Der Raum war spärlich eingerichtet. In der Mitte stand nur ein Bürotisch und die Wände waren voller Regale, in denen nur Aktenordner zu finden waren.

Sein Chef, der so elegant in dem gut sitzenden Anzug aussah, setzte sich auf die eine Seite des Schreibtisches und deutete Oscar an, sich auf die andere zu setzten. Dies tat der junge Auszubildende auch gleich und starrte anschließend hinunter auf seine Hände.

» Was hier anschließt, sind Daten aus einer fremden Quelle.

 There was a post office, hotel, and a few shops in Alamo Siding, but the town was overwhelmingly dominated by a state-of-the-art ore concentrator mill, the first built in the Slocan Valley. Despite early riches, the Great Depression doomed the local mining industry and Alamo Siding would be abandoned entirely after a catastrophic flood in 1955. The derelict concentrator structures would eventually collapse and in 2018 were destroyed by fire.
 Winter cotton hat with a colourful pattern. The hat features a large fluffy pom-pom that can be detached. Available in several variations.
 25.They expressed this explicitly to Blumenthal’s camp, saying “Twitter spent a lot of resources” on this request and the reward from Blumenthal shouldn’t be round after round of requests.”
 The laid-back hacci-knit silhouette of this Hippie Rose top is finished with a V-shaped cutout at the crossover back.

„Haben Sie eine Ahnung, warum ich Sie zu mir gerufen habe?" fragte der Chef mit kräftiger Stimme und ließ Oscar kurz zusammenzucken. Schüttelte anschließend aber mit dem Kopf. „Wie Ihnen aufgefallen ist, wurden ja einige Änderungen vorgenommen, wie kommen diese bei den Kunden an?" noch immer verängstigt zuckte Oscar nur mit den Schultern. Er wusste genau, das die Änderungen nichts gutes waren. Die Kunden kamen nur noch ungern zu ihnen in den Laden und wenn kauften sie schnell ein und waren so schnell es ging wieder verschwunden.

Der Chef hingegen musterte skeptisch den blonden jungen Mann vor sich. Er konnte sich nicht erklären, warum dieser so schreckliche Angst hatte, schließlich tat er ihm nichts. Er wollte lediglich wissen wie das neue Konzept ankam und nach einer Mitarbeiterin fragen, die wirklich keine gute Arbeit ablieferte. Doch so eingeschüchtert, wie dieser Junge vor ihm saß, würde er nie etwas aus ihm herausbekommen.

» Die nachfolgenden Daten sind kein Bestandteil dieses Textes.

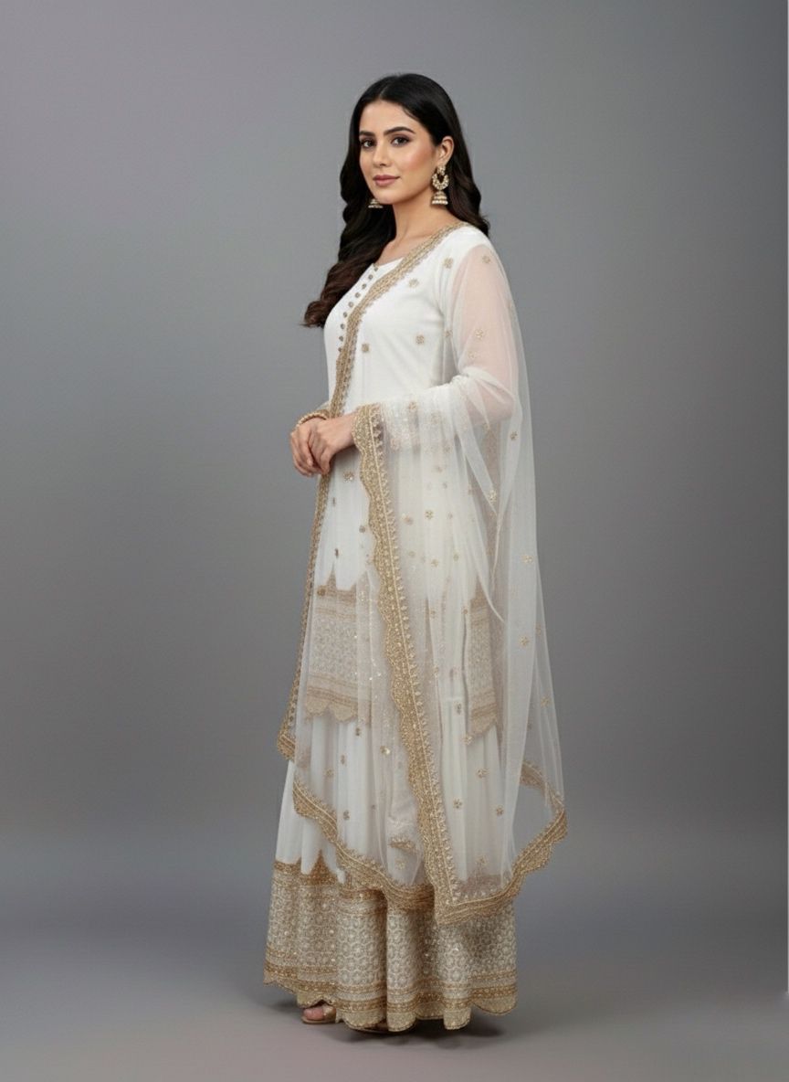 Top : Heavy Faux Georgette With Heavy 5mm Embroidery Sequence Work With Full Sleeve and Potli Button Inner : Heavy Micro cotton Length : 37-38 Inch Size : Free Size Work :Embroidery Sequence Work Type : Semi Stitched Palazzo :Heavy Faux Georgette With 5mm Embroidery Sequence Work With Fully Flair Palazzo inner :Heavy Micro Cotton Palazzo Length:40-41 InchDupatta : Heavy Net With 5mm Embroidery Sequence Work and Lace Border |

Seufzend betrachtete er nochmals die Personalakte des jungen Azubis. Zweites Jahr, 21 Jahre und sein Name war Oscar. Das kam ihm doch sehr bekannt vor. Blonde Haare hatte er auch... es dauerte nicht lange, bis Sören kapierte, das der Oscar, mit dem er nun schon ein paar Wochen lang schrieb, da vor ihm saß. Wie klein die Welt doch war.

Doch er schien ihn nicht erkannt zu haben.

Und da fiel ihm auch das nächtliche Gespräch wieder ein, das der Blondschopf sich für sorgen gemacht hatte, er würde gekündigt werden. Und das er Angst vor seinem Chef hatte. Er bekam wohl mit, das die Angestellten nicht gerade jubelten, wenn sie ihn sahen, aber Sören hatte nie geglaubt, angsteinflößend zu sein.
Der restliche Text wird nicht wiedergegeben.